* **Supplied information**:
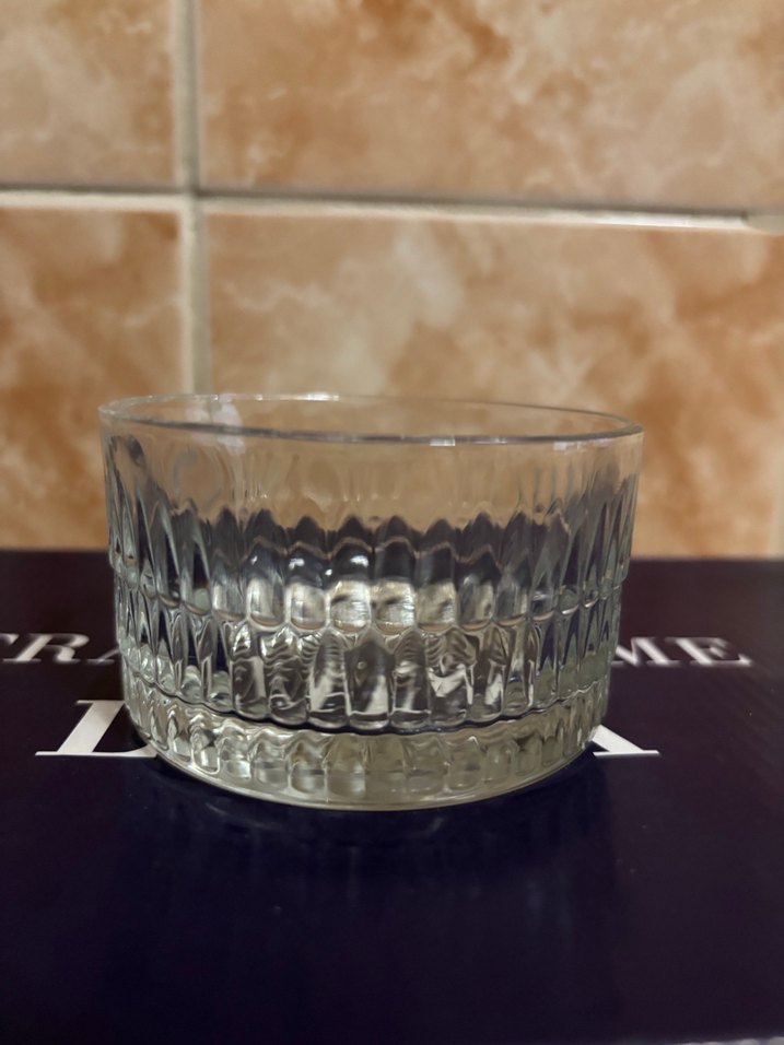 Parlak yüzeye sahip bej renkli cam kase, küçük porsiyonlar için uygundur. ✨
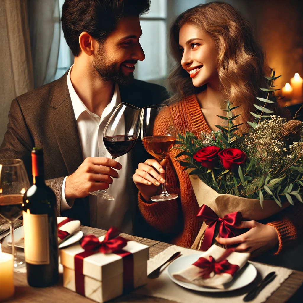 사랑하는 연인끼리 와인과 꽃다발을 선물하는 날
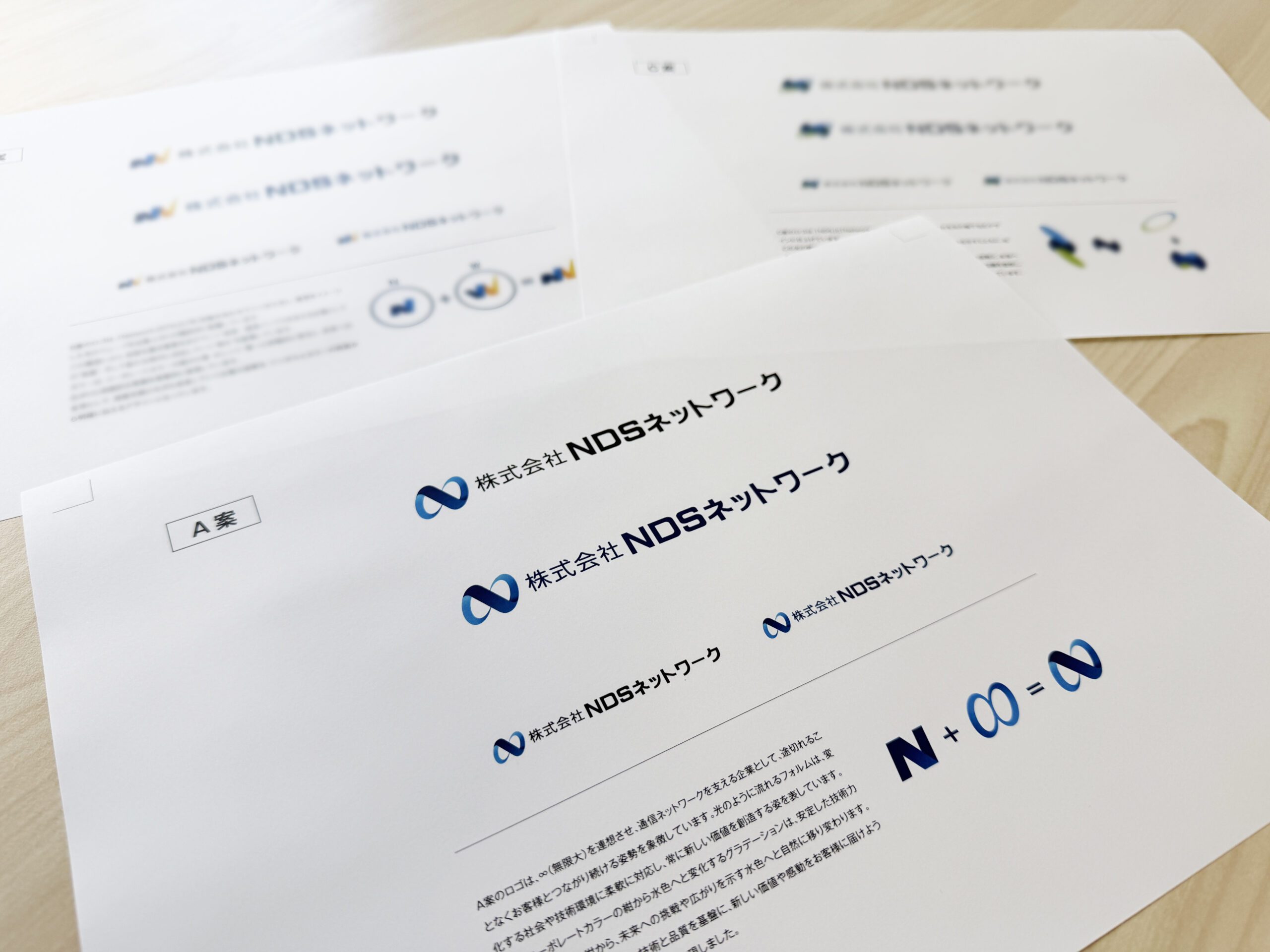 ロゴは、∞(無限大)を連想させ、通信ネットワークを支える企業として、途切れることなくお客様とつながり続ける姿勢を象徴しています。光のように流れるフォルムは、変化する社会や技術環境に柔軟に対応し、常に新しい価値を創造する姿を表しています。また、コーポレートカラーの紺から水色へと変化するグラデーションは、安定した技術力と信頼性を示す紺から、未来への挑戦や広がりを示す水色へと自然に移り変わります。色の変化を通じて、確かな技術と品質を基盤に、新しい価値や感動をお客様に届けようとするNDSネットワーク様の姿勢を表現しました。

* **What is expected**: Make an exact copy of the listing, with no images in it.

* **Output**:
 Parlak yüzeye sahip bej renkli cam kase, küçük porsiyonlar için uygundur. ✨
 사랑하는 연인끼리 와인과 꽃다발을 선물하는 날
 ロゴは、∞(無限大)を連想させ、通信ネットワークを支える企業として、途切れることなくお客様とつながり続ける姿勢を象徴しています。光のように流れるフォルムは、変化する社会や技術環境に柔軟に対応し、常に新しい価値を創造する姿を表しています。また、コーポレートカラーの紺から水色へと変化するグラデーションは、安定した技術力と信頼性を示す紺から、未来への挑戦や広がりを示す水色へと自然に移り変わります。色の変化を通じて、確かな技術と品質を基盤に、新しい価値や感動をお客様に届けようとするNDSネットワーク様の姿勢を表現しました。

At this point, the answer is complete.